Хорошо, деревня живет. Во дворе каждого уважающего себя хозяина кроме детской погремушки-мотоцикла еще и «Жигуль», не меньше, баня и персональный колодец, в котором не солярка или бензин. Вода в колодце. И лишнее ведерко этой воды он уже не достанет, что ты, что ты… Ущерб. А «лишнее» ведро бензина где-то достает. Но что такое ведро для государства? Капля. И не жалко ни капли тому, кто дает не свое, и не стыдно ни капли тому, кто берет. А там, где не дают, достают. Нет, он не скажет: украл. Достал. Трактора достают. Вчера конфисковали у ольховского лесника Щелокова один МТЗ, смотрят — сегодня на другом катит и в комплекте с тракторной тележкой.

Достают всё, достают все. Ты у меня боковое зеркальце отоварил, я у тебя — фару. За скалочку — гуску. Ты у меня, я у тебя. На всякий случай, запас карман не трет. И вот когда приходят новые комбайны с их зеркалами и мощными фарами, с их никелированной фурнитурой и набором инструментов, грустнеют и задумываются механизаторы:

— Да, теперь вовсе спать ложись — и его под подушку клади.

И сельский механизатор, измучась и отчаявшись изобретать замки и секреты к дверкам кабин и горловинам топливных баков сам от себя, предпочитает держать казенный транспорт в личном дворе или под окнами, если во двор уже некуда, своего добра полно. Да и ворота у многих, старожилов особенно, ставлены были по древним меркам с расчетом на лошаденку, и гораздить через них такую махину как трактор К-700, например, куда проще: собаку к колесу привяжи и лежи.

И становится тот транспорт персональным, неужели у воды сидеть — и пить просить? Ездят к родне на праздники в другой район, за бутылкой вина из Татищева в Париж, за пачкой сигарет в магазин и даже куда царь пешком ходил, механизатор теперь пешком не ходит: зазорно. Он лучше час потратит на кружной путь в родительский день, добираясь до кладбища в кабине самокатного комбайна, лишь бы не на своих двоих, они у него аж подкашиваются, если когда и скажут:

— Ты что не мог напрямую через лесок двести метров прогуляться помянуть усопших?

— Я?! Еще чего не придумаешь…

Если бы раньше в деревне увидели ненароком мужичка, поехавшего пусть не на тройке, пусть верхом на лошади корову из табуна встречать — ему бы насмешек не обобраться, а теперь такие встречи на тракторах марки К-700 в порядке вещей. И ржет в том «К» двести с гаком лошадок!..
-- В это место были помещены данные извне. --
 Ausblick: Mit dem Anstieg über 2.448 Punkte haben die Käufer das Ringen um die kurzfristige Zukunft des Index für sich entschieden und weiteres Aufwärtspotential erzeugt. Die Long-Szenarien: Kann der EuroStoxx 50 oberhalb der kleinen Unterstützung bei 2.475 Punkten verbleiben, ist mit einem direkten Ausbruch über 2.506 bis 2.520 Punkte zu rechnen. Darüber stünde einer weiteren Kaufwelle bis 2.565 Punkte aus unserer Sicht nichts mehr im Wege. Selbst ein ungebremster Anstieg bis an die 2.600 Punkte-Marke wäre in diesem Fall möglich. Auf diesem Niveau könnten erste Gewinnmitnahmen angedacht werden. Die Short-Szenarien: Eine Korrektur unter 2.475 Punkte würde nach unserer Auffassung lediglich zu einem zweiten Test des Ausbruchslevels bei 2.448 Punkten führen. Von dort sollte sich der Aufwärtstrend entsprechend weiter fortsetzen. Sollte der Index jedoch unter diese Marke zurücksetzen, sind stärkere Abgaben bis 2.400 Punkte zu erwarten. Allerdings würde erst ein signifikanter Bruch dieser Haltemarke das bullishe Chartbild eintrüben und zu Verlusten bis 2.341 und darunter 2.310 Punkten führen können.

А кто бы занялся да вдумался, сколько сгорает впустую калорий из-за неисправных или вовсе отсутствующих пусковых двигателей и стартеров. Мало того, что транспортные средства работают на излишней подаче горючего во время стоянок, чтобы не захлебнулся мотор и не заглох, заглохнет — где буксир искать бегать с высунутым языком, они и в обеденные перерывы и в перекуры часами молотят на средних оборотах, не на малых, опять же, чем черт не шутит!

— Фу, это капли датского короля, — снисходительно посмеиваются товарищи, сидящие у тысячекубовых емкостей.
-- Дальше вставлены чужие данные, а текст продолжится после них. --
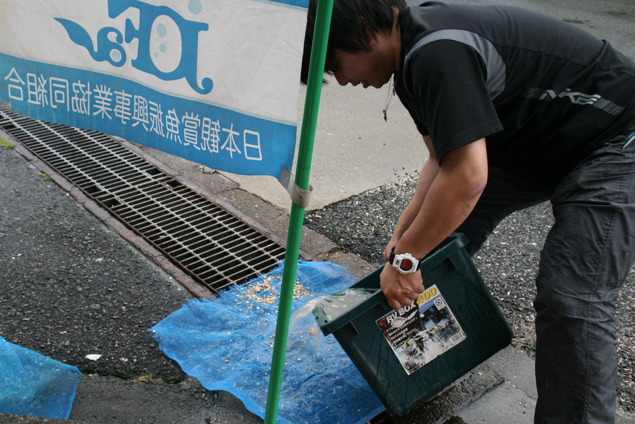 洗った濾材は 素早く 濾過槽に もどしていく。↓

И переводятся на самообслуживание заправочные станции в совхозах, и заправляют этим делом кое-где ночные сторожа. В Великопетровке оный так назаправлялся, что за последним клиентом вентиль не закрыл, тут же уснул. Не так уж и много воды с тех пор утекло, но солярки тогда утекло много. Солярку списали, сторож остался: местный, свой, дефицитный.

А заметил ли кто-нибудь из тех же велико-петровских руководителей такую каплю? На втором отделении этого совхоза кормов для скота в тот год заготовили столько, что и ленивых соседей выручили, поделились по-братски, и свою животину кормили до отвала, и март уже греет бока, а сена в скирдах — до нового не стравить. Прикинули на глазок и сделали вывод: тонны по две на двор еще и личным хозяйствам можно ссудить за наличный расчет, кому нужно. Всем нужно. Про запас.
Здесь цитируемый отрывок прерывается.